All reviews of published articles are made public. This includes manuscript files, peer review comments, author rebuttals and revised materials. Note: This was optional for articles submitted before 13 February 2023.
Peer reviewers are encouraged (but not required) to provide their names to the authors when submitting their peer review. If they agree to provide their name, then their personal profile page will reflect a public acknowledgment that they performed a review (even if the article is rejected). If the article is accepted, then reviewers who provided their name will be associated with the article itself.
Dear authors,
I am happy to let you know that i am accepting your manuscript for publication. In moving forward, production will let you know about minor revisions like punctuation or grammar. Please, be throughout in your proofreading. Also, some figures may need to be divided in two or some other solution to improve clarity and resolution, in order to properly allow readers to visualize everything in the published pdf. Many thanks and congrats!
[# PeerJ Staff Note - this decision was reviewed and approved by Paula Soares, a PeerJ Section Editor covering this Section #]
I appreciate the authors' efforts to add the detailed protocols for RNA-seq method. Although there are still many language issues making some sentences difficult to understand, I'm OK to accept the manuscript if the editor is fine with it.
no comment
no comment
Dear authors,
Many thanks for your re-submission. At this stage, I would like to know if you are able to revise and/or reply to the questions of reviewer #1 or not? I am also not happy with some answers to the reviewers, such as the answer "X company did this. ... you are responsible for the WHOLE work, so you should obtain from the company what they did. otherwise, how well equipped really are you to judge, evaluate and critically think about the data received?

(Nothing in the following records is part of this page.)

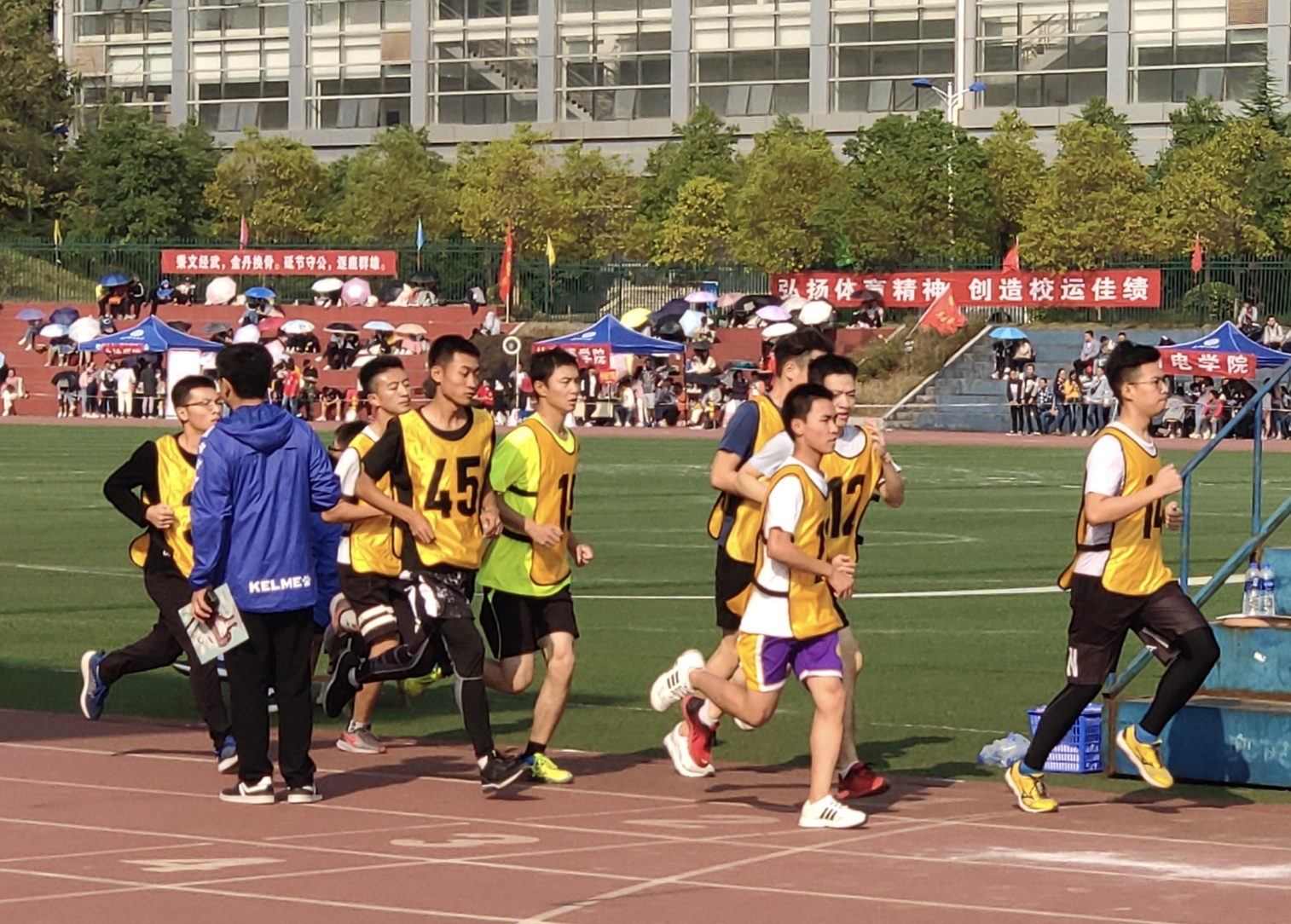 比赛的正式开始,让整个赛场沸腾了起来。运动员们尽情奔驰,看台上观众的加油助威声此起彼伏、不绝于耳。志愿工作者们也在积极维护赛场秩序、并为参赛者们提供细致入微的服务。比赛过程中,我院运动员们凭着顽强的意志与坚定的信念,喜报频传。男子100米、女子3000米、男子800米等多个奖项纷纷纳入计通健儿囊中,拉拉队全体成员更是在计通大本营敲响战鼓,为每位计通健儿呼唤呐喊。
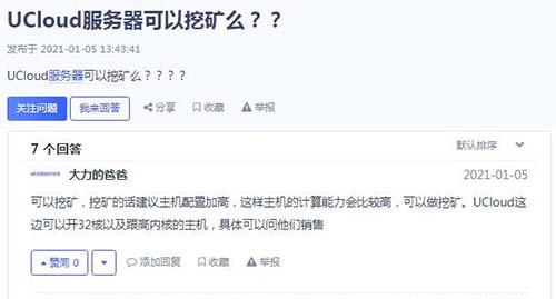 在Ucloud優(yōu)刻得用戶社區(qū)有網(wǎng)友咨詢過這個問題,Ucloud優(yōu)刻得用戶回答是:可以挖礦,需要購買高配置的企業(yè)云服務(wù)器,比如:32核以上的云主機(jī)!如下圖所示: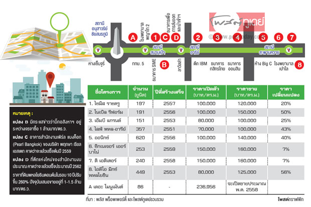 อย่างไรก็ตาม เนื่องจากแหล่งงานย่านนี้เป็นแหล่งงานของบริษัทคนไทยเป็นส่วนใหญ่ ไม่ได้เป็นชุมชนที่อยู่อาศัยของกลุ่มต่างชาติ ความต้องการอยู่อาศัยเป็นของกลุ่มคนไทยเป็นหลัก ทำให้กลุ่มผู้ลงทุนสนใจซื้อลงทุนย่านนี้ไม่มากนัก ราคาจึงไม่ได้ขยับแรง หากเมื่อเทียบฝั่งสุขุมวิทที่ปีนี้เปิดฉากราคาเริ่มต้นไม่ต่ำกว่า 2.5-3 แสนบาท/ตร.ม.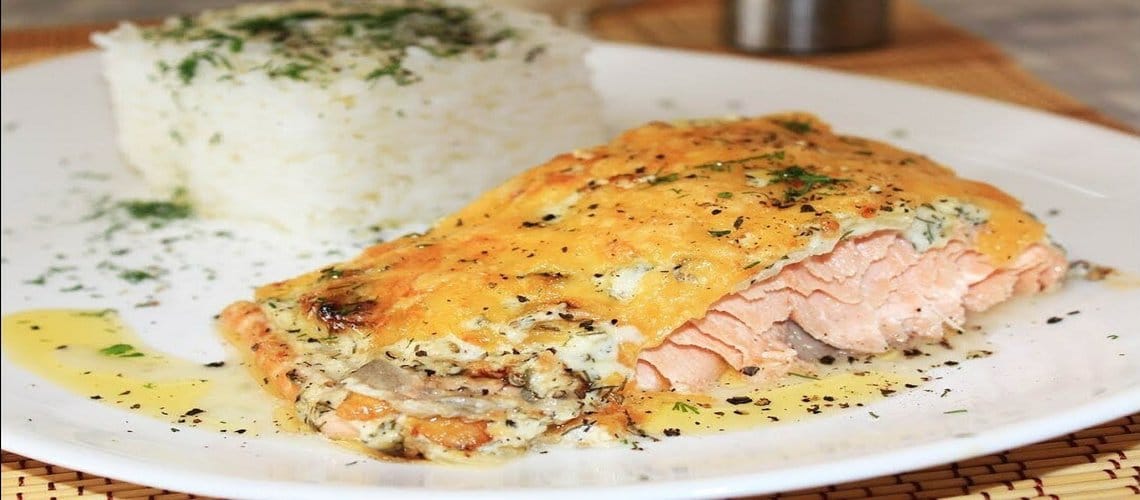 - На горбушу выложить обжаренный лук, и все залить сметанным соусом.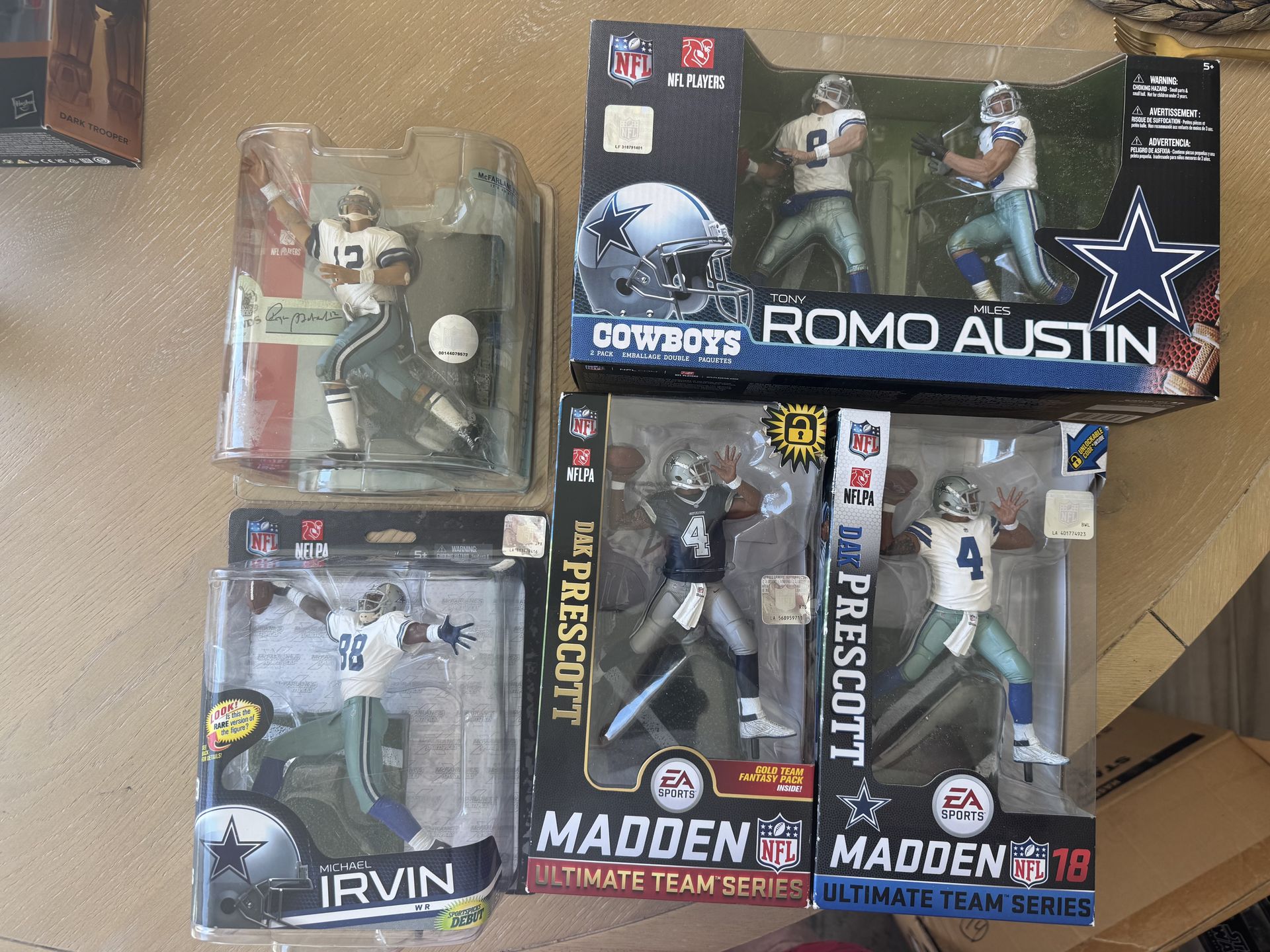 New in box Dallas Cowboys Mcfarlane Sportspicks Sports Figures. Michael Irvin $25 Roger Staubach $25 Dak Prescott Blue Jersey $20 Dak Prescott White Jersey $15 Tony Romo Miles Austin 2 Pack $20 $100 for everything Instant Cowboy Collection Check out my other posts for many sports figures. Mcfarlane Starting Lineup Bobblehead and more.

Avoid "blanket statements", short neutral replies and anything just to try to quiet down the reviewers; incongruousness between manuscript and reply to reviewers are also to be avoided.
Methods and data presentation is pivotal for PeerJ and it must be crystal clear. It also helps if you straight away present figures with EXCELLENT resolution (this includes fonts!); as per the journal's authors guidelines, at least.
Many thanks in advance.
[# PeerJ Staff Note: Please ensure that all review comments are addressed in a rebuttal letter and any edits or clarifications mentioned in the letter are also inserted into the revised manuscript where appropriate. It is a common mistake to address reviewer questions in the rebuttal letter but not in the revised manuscript. If a reviewer raised a question then your readers will probably have the same question so you should ensure that the manuscript can stand alone without the rebuttal letter. Directions on how to prepare a rebuttal letter can be found at: https://peerj.com/benefits/academic-rebuttal-letters/ #]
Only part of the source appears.